Aliados rechaçam mudança na tática e confiam em evolução

Fábio Martins

Líderes das principais campanhas presidenciais descartaram alteração na estratégia por conta dos números da pesquisa Ibope, confiando em evolução do índice de intenções de voto até o dia 5 de outubro, data do primeiro turno do pleito. Por outro lado, a postura dos presidenciáveis durante o debate da Rede Bandeirantes mostrou o contrário. Isso porque houve esforço concentrado dos candidatos do PT, PSB e PSDB no ataque direto aos adversários.

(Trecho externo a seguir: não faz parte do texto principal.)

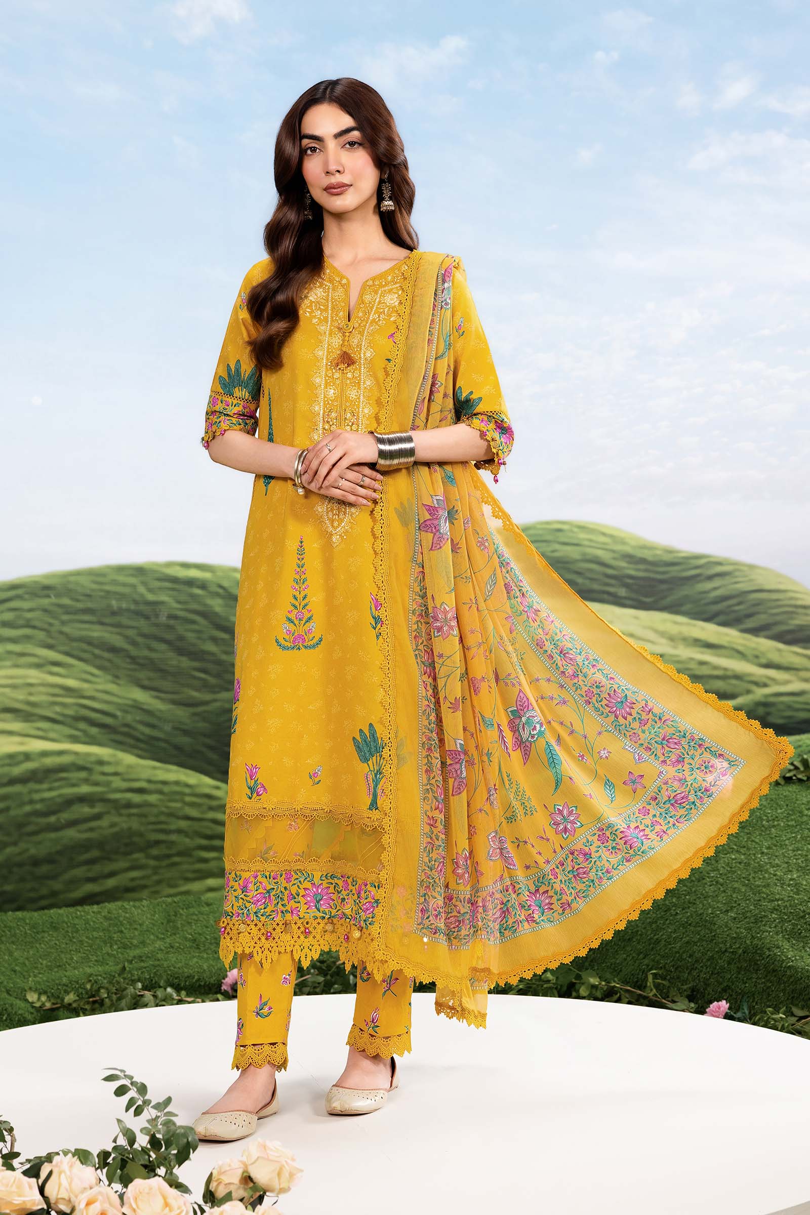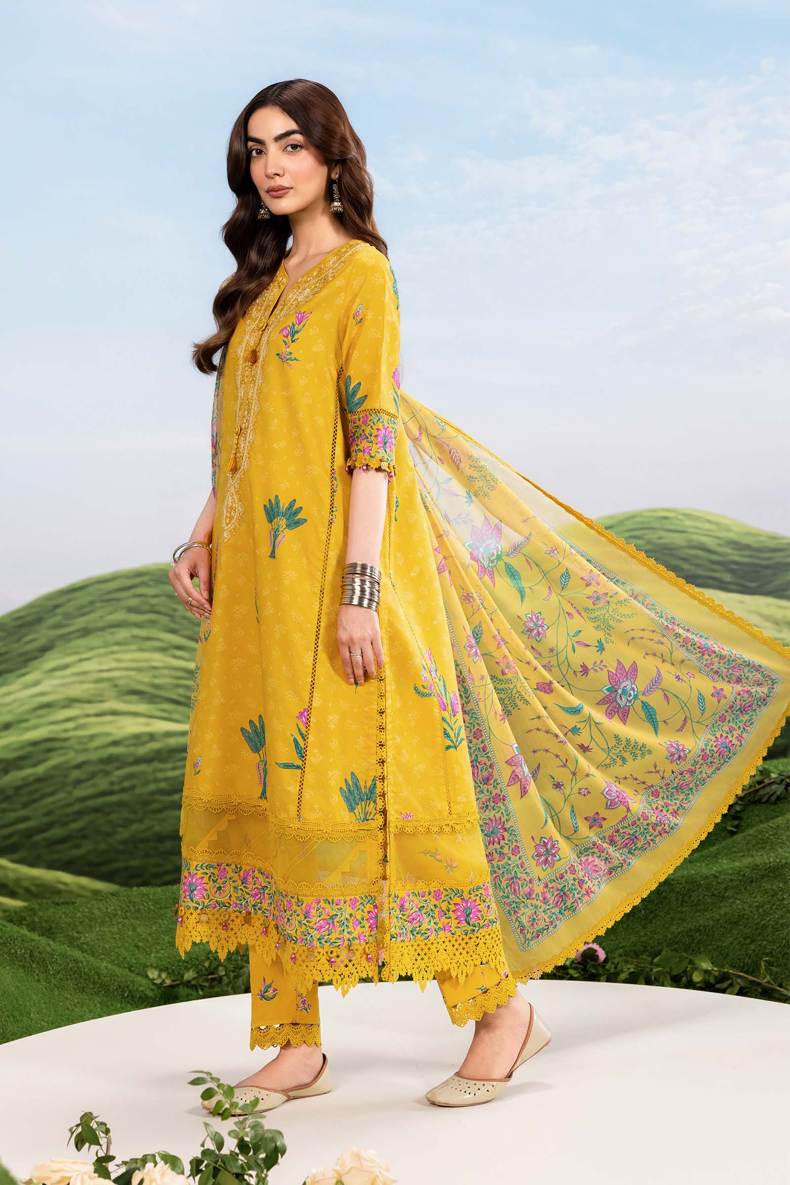 Printed Lawn In M.Basic By MARIA.B. Dreamscape MB-CUSV14-03A — Printed Lawn Shirt With Embroidered Neck Patch, Printed Chiffon Dupatta, And Printed Cambric Trouser In Beautiful Mustard. Perfect For Eid, Summer, Casual Festive, And Graceful Elegant Look.
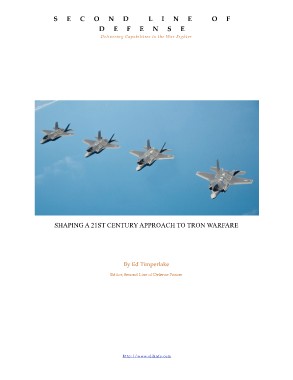 SECOND LINE OF DEFENSE Delivering Capabilities to the War Fighter SHAPING A 21ST CENTURY APPROACH TO TRON WARFARE By Ed Timperlake Editor, Second Line of Defense Forum h t t p : / / w w w. s l d i n f o . c o m
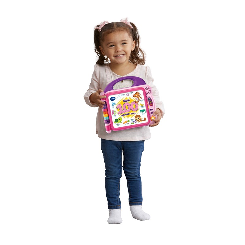 - Box contents: 1 x Vtech My 100-word book pink / picture dictionary with volume control, voice switch and automatic switch-off / German version / 2 x AA demo batteries / item no. 80-601554
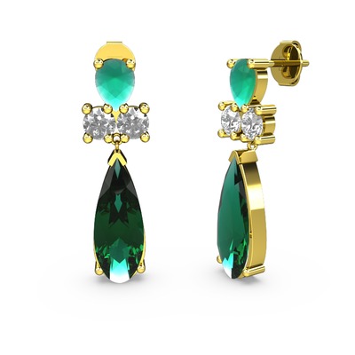 Yeşil kuvars, kök zümrüt ve beyaz zirkon 925 ayar altın kaplama gümüş küpe
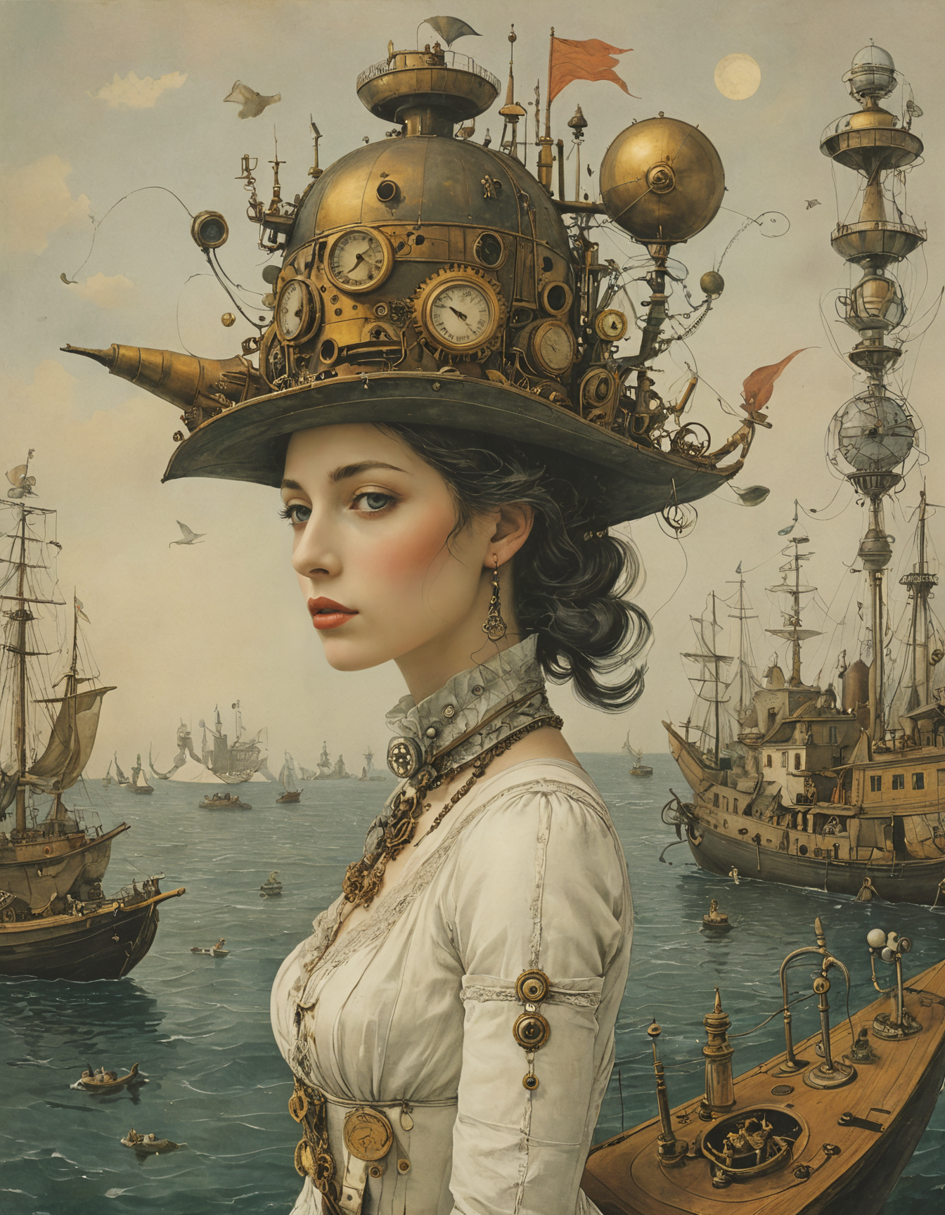 ([by Saul Steinberg|by Canaletto]:1.5), (The Sirens, a hauntingly beautiful songtresses, irresistible, alluring, luring sailors to their doom with their melodic voices. Their melodic voices are enchanting and mystical, capturing the essence of this surreal world.:0.5) (Steampunk:1.3) <lora:xl_more_art-full_v1:0.5> <lora:add-detail-xl:0.7> <lora:MJ52:0.4>

Mandatário nacional do PT, Rui Falcão afirmou que a campanha da presidente Dilma Rousseff (PT) continuará “mostrando o que foi feito em 12 anos” nas gestões petistas ao mencionar que a cúpula tenta colar a imagem que o partido representa a mudança que a população pede nas ruas. “Sabemos que muda mais quem já tem feito mudanças significativas. A Dilma é a que mais tem condições de liderar o País.”

Novo coordenador financeiro da campanha de Marina Silva, o deputado federal Márcio França (PSB) avaliou que o crescimento da ex-senadora nas pesquisas “é surpresa zero”. “Na classe há nitidamente sensação de voto em Marina. Por isso há curva ascendente. Ela fez o primeiro up com o que ela tinha de prestígio e o Eduardo (Campos, então postulante e morto em acidente aéreo no dia 13) está fazendo o restante. Ele furou o teto que ela própria tinha (em referência à eleição de 2010) e abriu caminho.”

Suplente ao Senado, José Anibal (PSDB) negou que patamar de 19% de Aécio Neves (PSDB) esteja desconfortável, com a ultrapassagem de Marina. “É situação de momento, tendo a presidente Dilma com alto grau de rejeição e pouca credibilidade, entrando numa condição difícil da economia. Estamos confiante no segundo turno.”